Wandering Billy

Railroaded

An homage to the rails, dear old Dad and Greensburgers

By Billy Eye

“I’ve upped my standards. Now, up yours.” — Pat Paulsen

You may recall the Carolina Model Railroaders exhibit located in what was the “Colored Waiting Room” of the downtown Depot (rechristened the Galyon Depot). Beginning in 1975, the club was the only permanent occupant the Depot had for a couple of decades, when the main concourse was leased out for private parties and 1990s’ raves. The museum was relocated on the property in 2003 and has its new home in the space once occupied by the Railway Express Agency (REA) offices and operations. What the Railroaders are up to in there is nothing short of astonishing. Visitors will encounter a massive, HO scale replica of the rail lines between here and Spring Garden Street, and beyond.  Hundreds of buildings and familiar cityscapes you’d recognize along a route reach from floor to ceiling in this 2,400-square-foot space.
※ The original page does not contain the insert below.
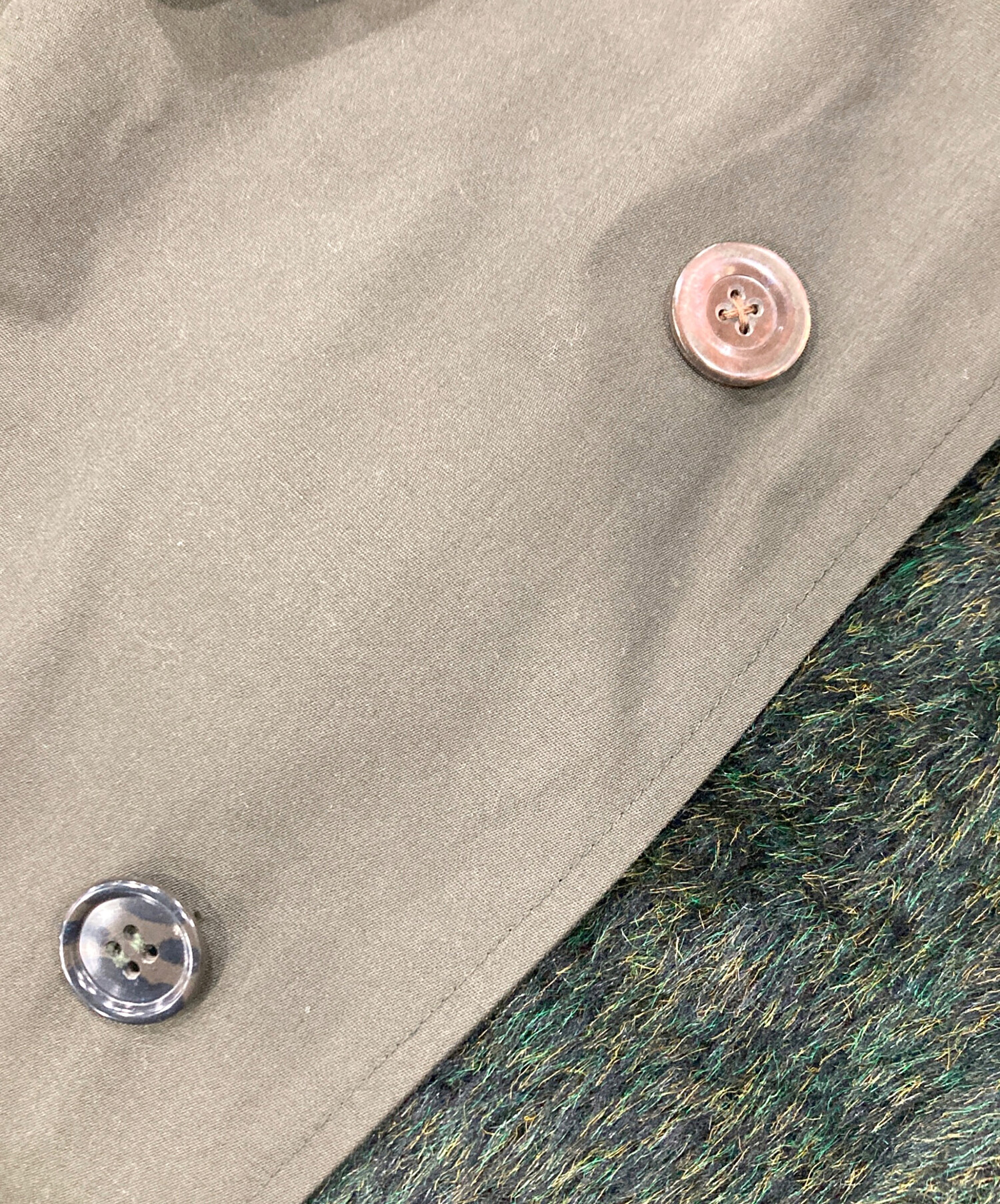 目立つシミや汚れ、におい等がある場合は商品画像や説明文にて極力表記させていただいておりますが、中古品という商品の特性上、全ての瑕疵や不備、洋服直し箇所を撮影・記載をすることは難しくなっております。また、ほとんどのアイテムは店頭と併売しておりますため、出品掲載時からコンディションが変動している場合もございます。あらかじめご了承くださいませ。

Their blueprint is based on aerial photography from 1966. Kenn Cassell and Walter Sabin head up a motley crew, in that they are celebrating the legacy of Governor John Motley Morehead, who had the foresight to make our state a leader in rail transportation back in the mid-1800s. See for yourself their impressive collection of memorabilia and witness this work in progress, perhaps lend your tinkering skills to this remarkable undertaking. The display is open to the public Saturdays, Sundays and Thursday evenings.
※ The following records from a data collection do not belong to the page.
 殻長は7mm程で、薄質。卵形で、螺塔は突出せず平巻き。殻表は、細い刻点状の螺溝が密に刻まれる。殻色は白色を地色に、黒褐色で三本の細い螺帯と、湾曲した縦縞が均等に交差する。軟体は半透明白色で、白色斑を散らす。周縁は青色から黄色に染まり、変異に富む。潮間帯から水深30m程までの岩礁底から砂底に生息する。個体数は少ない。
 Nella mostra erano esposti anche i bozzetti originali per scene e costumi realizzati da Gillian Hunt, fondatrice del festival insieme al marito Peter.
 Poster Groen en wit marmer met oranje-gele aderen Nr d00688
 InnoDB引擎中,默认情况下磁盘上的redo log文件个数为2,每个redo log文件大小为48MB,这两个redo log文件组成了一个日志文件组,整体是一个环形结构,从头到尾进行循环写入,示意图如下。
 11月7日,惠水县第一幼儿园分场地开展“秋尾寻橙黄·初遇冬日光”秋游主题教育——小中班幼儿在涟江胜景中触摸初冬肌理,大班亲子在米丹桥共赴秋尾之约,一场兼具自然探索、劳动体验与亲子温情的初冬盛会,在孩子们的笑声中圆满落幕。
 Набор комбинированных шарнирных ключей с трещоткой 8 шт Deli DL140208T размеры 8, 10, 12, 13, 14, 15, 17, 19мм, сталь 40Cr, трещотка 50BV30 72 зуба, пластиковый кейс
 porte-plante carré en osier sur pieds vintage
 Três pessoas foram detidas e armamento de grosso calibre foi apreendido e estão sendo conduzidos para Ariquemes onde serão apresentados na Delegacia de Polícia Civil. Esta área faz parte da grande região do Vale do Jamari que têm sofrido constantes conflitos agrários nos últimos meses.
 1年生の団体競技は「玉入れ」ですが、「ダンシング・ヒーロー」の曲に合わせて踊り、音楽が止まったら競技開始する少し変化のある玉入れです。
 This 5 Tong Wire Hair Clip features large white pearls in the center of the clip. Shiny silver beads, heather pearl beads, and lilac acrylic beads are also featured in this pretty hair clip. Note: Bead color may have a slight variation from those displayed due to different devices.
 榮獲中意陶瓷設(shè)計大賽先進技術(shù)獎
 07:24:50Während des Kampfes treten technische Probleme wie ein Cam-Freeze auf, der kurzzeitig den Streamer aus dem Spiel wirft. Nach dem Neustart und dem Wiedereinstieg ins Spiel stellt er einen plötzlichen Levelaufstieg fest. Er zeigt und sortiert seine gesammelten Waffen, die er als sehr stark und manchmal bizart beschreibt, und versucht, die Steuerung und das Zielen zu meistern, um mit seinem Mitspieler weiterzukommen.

I was early to a meeting for this very magazine on Banking Street, so I enjoyed a delightful but short visit with Charlie Jones, whose Leasing Financial Inc. office is off Pembroke, close to Carolyn Todd’s, where my mother was especially fond of shopping. After retiring in the 1980s, my dad went into business with Charlie. Back in 1990 while I was visiting my father, who was dying of a brain tumor, we had met briefly a couple of times. Charlie and his partner would stop by the hospital hoping that it would be a lucid day for dear old Dad and they could get advice on how to structure a leasing deal or decipher some notation of his. But, alas, by that point my father assured us he was “looking out over the golf course” from his room at Cone. (A result of the tumor unless he’d developed X-ray vision.) First thing Charlie said to me was, “Did my wife get in touch with you?” By coincidence, Charlie had read something I had written for O.Henry and had been looking for a way to get in contact to say how much he enjoyed it. Charlie told me about how, when he and dad used to work together, my father would be standing in the doorway. Without saying a word, Dad would be tapping his watch as if to say, “You’re late.” Ironic, considering my dad never ever worked a day past noon. When he’s not navigating a sea of ever-changing business models, Charlie and his wife, Stella, enjoy summer sailing the Chesapeake Bay and spending time with their seven grandchildren.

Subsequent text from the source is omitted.